Aleja’s family had opted for a design that would keep her alive for a month. It was what they could afford. She felt despair when she thought of the number of steel balls drifting around in space with corpses in them, battered to death during launch, or suffocating as their air supply leaked out some small crack, or boiled alive when they got too close to a lava ball. A lot of it was just the luck of the draw. She wore her own bruises and cuts from the rough flight, but she lived.

Her family had also acquired one of the millions of inexpensive spacesuits that had flooded the market, getting a mid-level quality suit with perhaps one bell and one whistle; a suit radio and some position control jets. They pressure tested it before sending off Aleja in her own steel coffin.
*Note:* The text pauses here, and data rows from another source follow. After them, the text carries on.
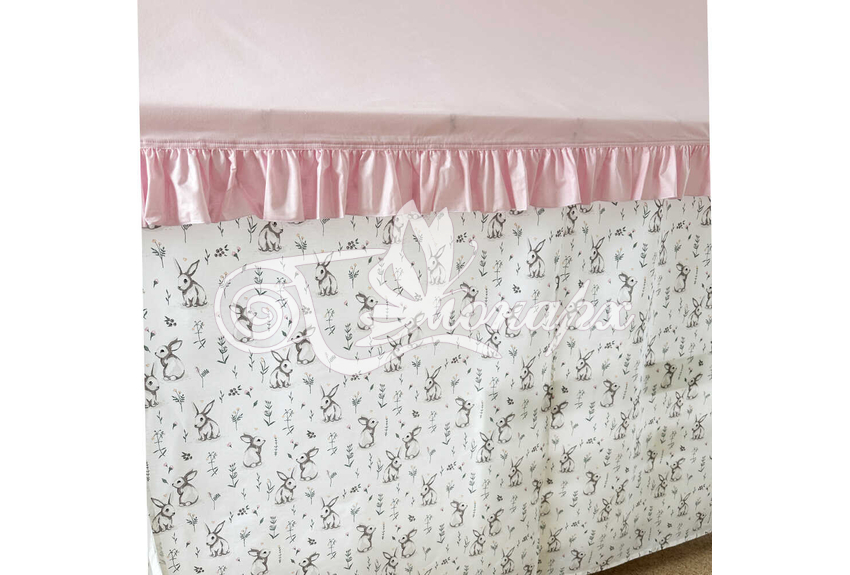 ширина - 137 см + 24 см на рюши (по 12 см на одну сторону). - Занавески с завязками (по 4 завязки на каждой занавеске) на переднюю сторону кроватки 2 шт.:
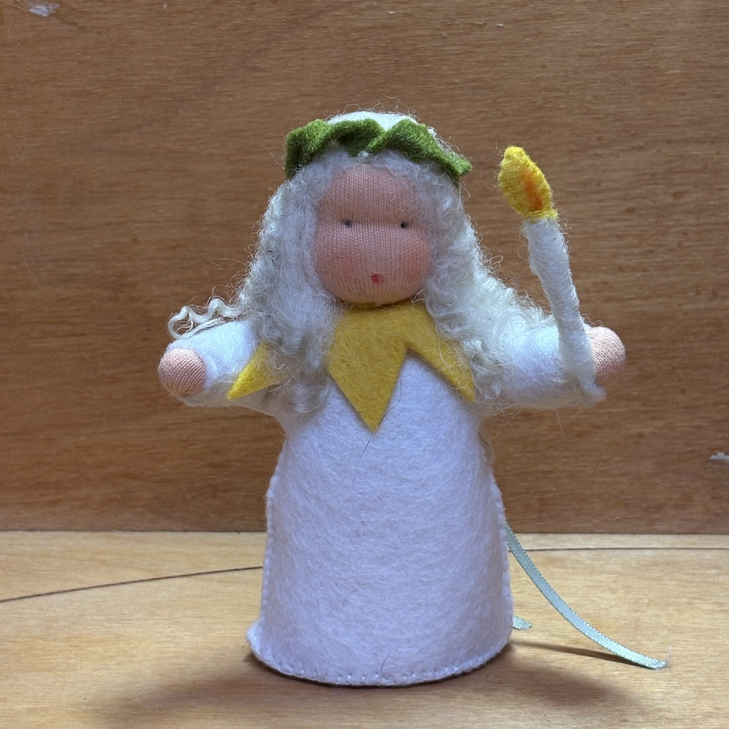 Met haar kaars in de hand is zij een mooi symbool voor licht en hoop in de kersttijd.
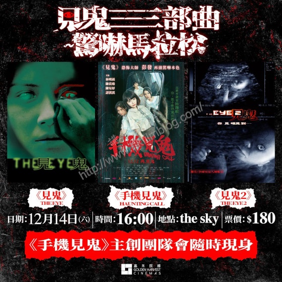 「《見鬼三部曲》驚嚇馬拉松」活動將於十二月十四日星期六下午四時正於奧海城二期The Sky舉行,套票票價為港幣一百八十元,而每場放映之間會有約十五鐘中場休息,而電影《手機見鬼》主創團隊更會隨時現身。有關場次的戲票已於The Sky票房、嘉禾院線網站及手機應用程式發售。有意一氣呵成看三部《見鬼》電影的觀眾,敬請把握機會好了。
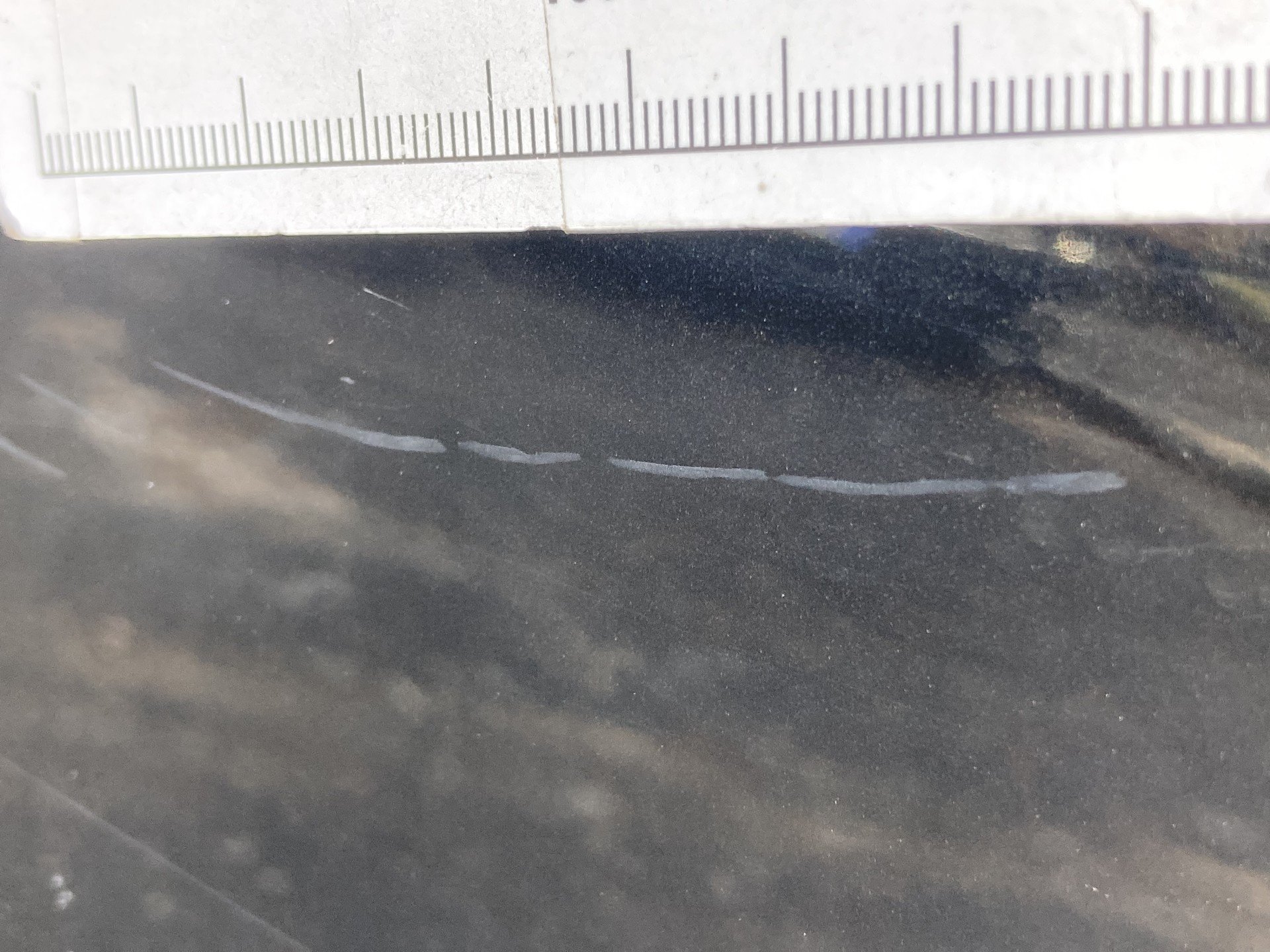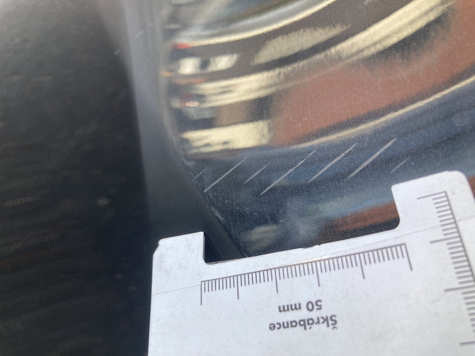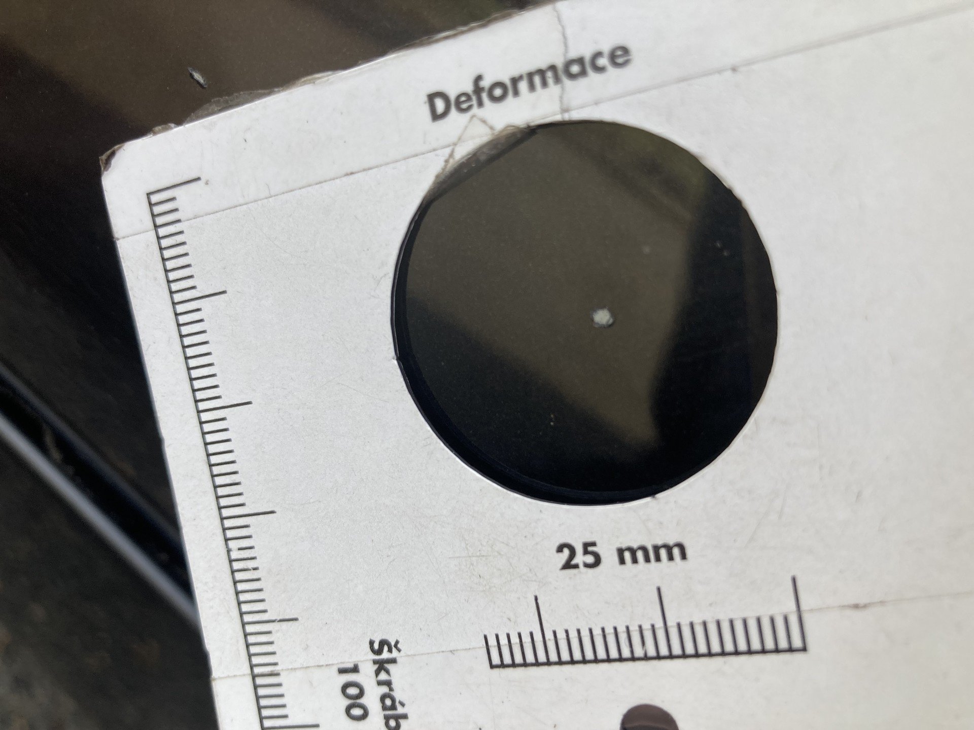 Oděrky a škrábance po obvodu karosérie, přední část karosérie je poškozená od kamínku, odřený přední nárazník, odřené víko motorového prostoru, poškozené čelní sklo, odřená hrana levcýh předních dveří, mírně promáčklé levé zadní dveře - jamka, odřený zadní nárazník, poškozená odrazka zadního nárazníku, mírně promáčklé pravé zadní dveře - jamka, mírně promáčklé pravé přední dveře - jamka, interiér vozidla opotřeben,

She remembered her brother Luis and her Papa discussing the engineering details, with some additional suggestions from an auto-mechanic welder, Ernesto, that they’d hired to help them build the pod. “There will need to be thrusters,” Luis had said. “Her ball will most likely be spinning after she enters space.”
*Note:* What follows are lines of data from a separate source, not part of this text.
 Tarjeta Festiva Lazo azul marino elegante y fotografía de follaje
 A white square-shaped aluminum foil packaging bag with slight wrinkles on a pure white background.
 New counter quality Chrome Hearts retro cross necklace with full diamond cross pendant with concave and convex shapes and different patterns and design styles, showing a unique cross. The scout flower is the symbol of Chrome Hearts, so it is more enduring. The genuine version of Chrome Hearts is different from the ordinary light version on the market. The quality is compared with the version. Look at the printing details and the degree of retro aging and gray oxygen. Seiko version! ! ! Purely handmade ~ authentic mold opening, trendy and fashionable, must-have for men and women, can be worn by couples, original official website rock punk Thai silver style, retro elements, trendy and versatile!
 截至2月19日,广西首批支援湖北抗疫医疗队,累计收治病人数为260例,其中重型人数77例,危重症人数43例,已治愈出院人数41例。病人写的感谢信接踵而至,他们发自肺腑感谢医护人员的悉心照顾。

“We can’t afford rockets,” her Papa said. “We spent all our funds on the air recycler and solar panels.”

This wasn’t exactly true. Aleja smiled when she remembered. They stole the thin-film solar panels from a farm a few kilometers away.

“Not rockets,” Luis continued, “but air-jets. Directional nozzles on the outside that she can turn on and off, using the air pressure inside the ball. Flush with the outer surface.”
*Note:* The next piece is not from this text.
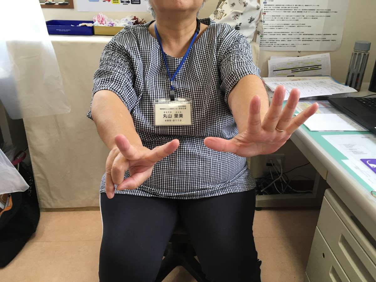 ①両手ともグーパーグーパーを10回行います。握る時、開く時を意識して行いましょう。
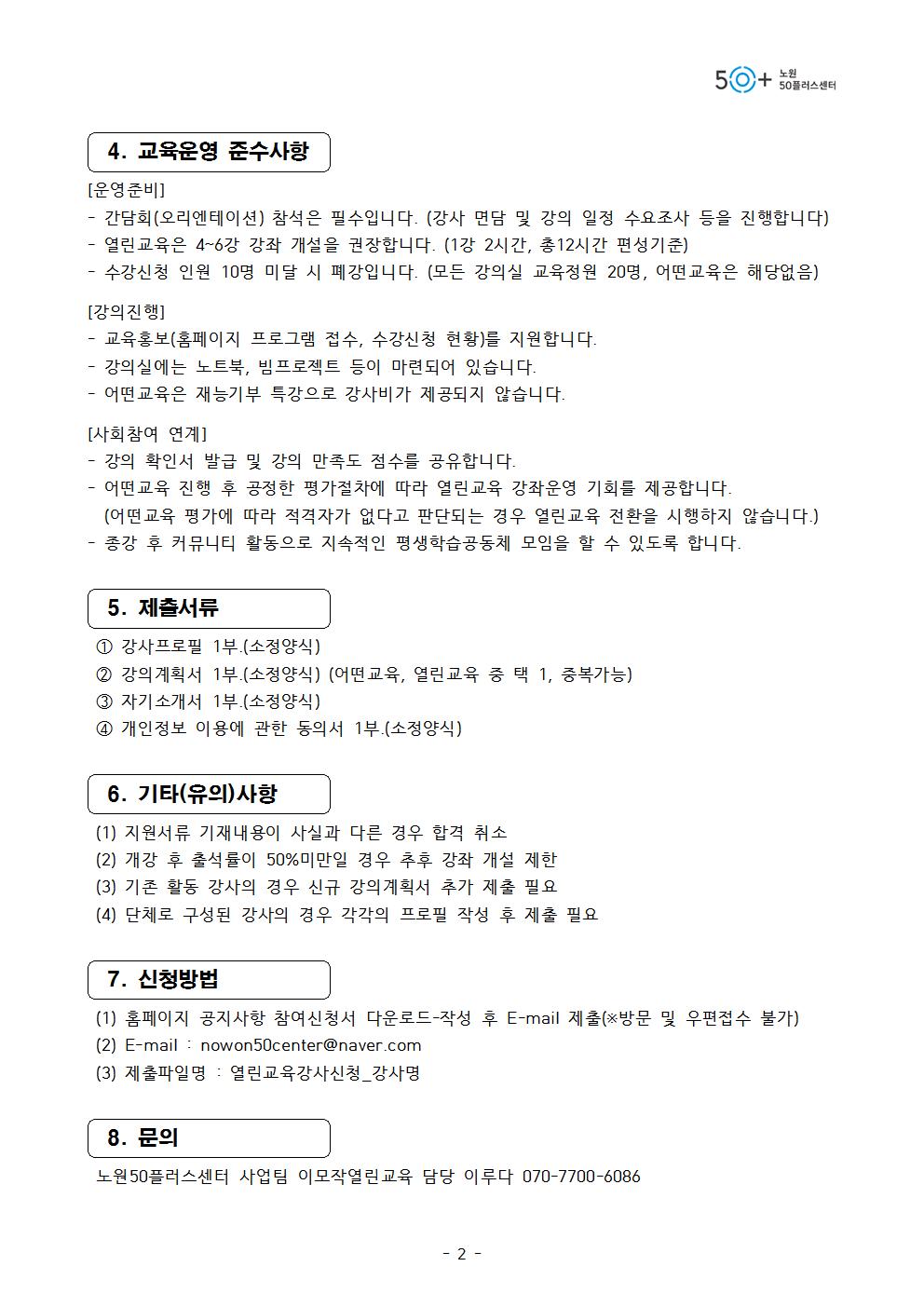 [노원][모집] 2019 이모작열린교육 3학기 강사 모집

“The air she needs to breathe?” Ernesto said.

“Yes. We will need to install some air bottles or oxygen tanks in addition to the recycler. And a rack for the bottles and solar panels and everything else.” Luis said. “And a feed-through to the outside so the solar panels may be mounted and feed power to the batteries.” He was sketching in a notebook.

Aleja, the only one in the room with an actual engineering degree, said, “We will need to put all the weight in one end, with my acceleration couch. So when the ball accelerates, the couch will always point the same direction.”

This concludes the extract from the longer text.